- **Dataset**
· · · · ·
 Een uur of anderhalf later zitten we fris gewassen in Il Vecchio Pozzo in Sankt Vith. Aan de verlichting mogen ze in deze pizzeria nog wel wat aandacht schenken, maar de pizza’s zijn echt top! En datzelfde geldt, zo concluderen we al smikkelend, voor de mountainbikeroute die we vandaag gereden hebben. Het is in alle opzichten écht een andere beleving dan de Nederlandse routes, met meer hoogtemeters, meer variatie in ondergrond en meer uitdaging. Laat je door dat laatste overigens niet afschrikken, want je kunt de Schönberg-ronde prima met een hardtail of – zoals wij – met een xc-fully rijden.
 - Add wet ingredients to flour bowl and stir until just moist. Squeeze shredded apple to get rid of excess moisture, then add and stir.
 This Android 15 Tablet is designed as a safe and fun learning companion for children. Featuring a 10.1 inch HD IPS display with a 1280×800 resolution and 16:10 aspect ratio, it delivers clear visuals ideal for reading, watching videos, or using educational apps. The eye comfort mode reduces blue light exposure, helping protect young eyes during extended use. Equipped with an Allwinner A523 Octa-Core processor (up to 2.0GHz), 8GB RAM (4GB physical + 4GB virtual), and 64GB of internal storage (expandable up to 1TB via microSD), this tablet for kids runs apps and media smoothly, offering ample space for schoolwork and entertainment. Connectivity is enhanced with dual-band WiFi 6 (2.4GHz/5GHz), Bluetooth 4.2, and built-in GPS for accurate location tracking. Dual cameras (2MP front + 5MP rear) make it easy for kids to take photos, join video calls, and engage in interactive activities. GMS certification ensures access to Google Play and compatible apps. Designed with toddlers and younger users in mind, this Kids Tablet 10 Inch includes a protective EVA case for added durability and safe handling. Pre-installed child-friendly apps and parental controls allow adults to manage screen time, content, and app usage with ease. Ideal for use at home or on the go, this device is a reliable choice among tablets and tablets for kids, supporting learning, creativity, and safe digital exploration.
· · · · ·
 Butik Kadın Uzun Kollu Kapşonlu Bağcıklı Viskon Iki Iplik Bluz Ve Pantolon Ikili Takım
· · · · ·
- **What this task involves**
Your answer should consist only of the lines above between the line holding "Een uur of anderhalf" and the line holding "- Add wet ingredients", inclusive, each transcribed exactly.

- **Result**
 Een uur of anderhalf later zitten we fris gewassen in Il Vecchio Pozzo in Sankt Vith. Aan de verlichting mogen ze in deze pizzeria nog wel wat aandacht schenken, maar de pizza’s zijn echt top! En datzelfde geldt, zo concluderen we al smikkelend, voor de mountainbikeroute die we vandaag gereden hebben. Het is in alle opzichten écht een andere beleving dan de Nederlandse routes, met meer hoogtemeters, meer variatie in ondergrond en meer uitdaging. Laat je door dat laatste overigens niet afschrikken, want je kunt de Schönberg-ronde prima met een hardtail of – zoals wij – met een xc-fully rijden.
 - Add wet ingredients to flour bowl and stir until just moist. Squeeze shredded apple to get rid of excess moisture, then add and stir.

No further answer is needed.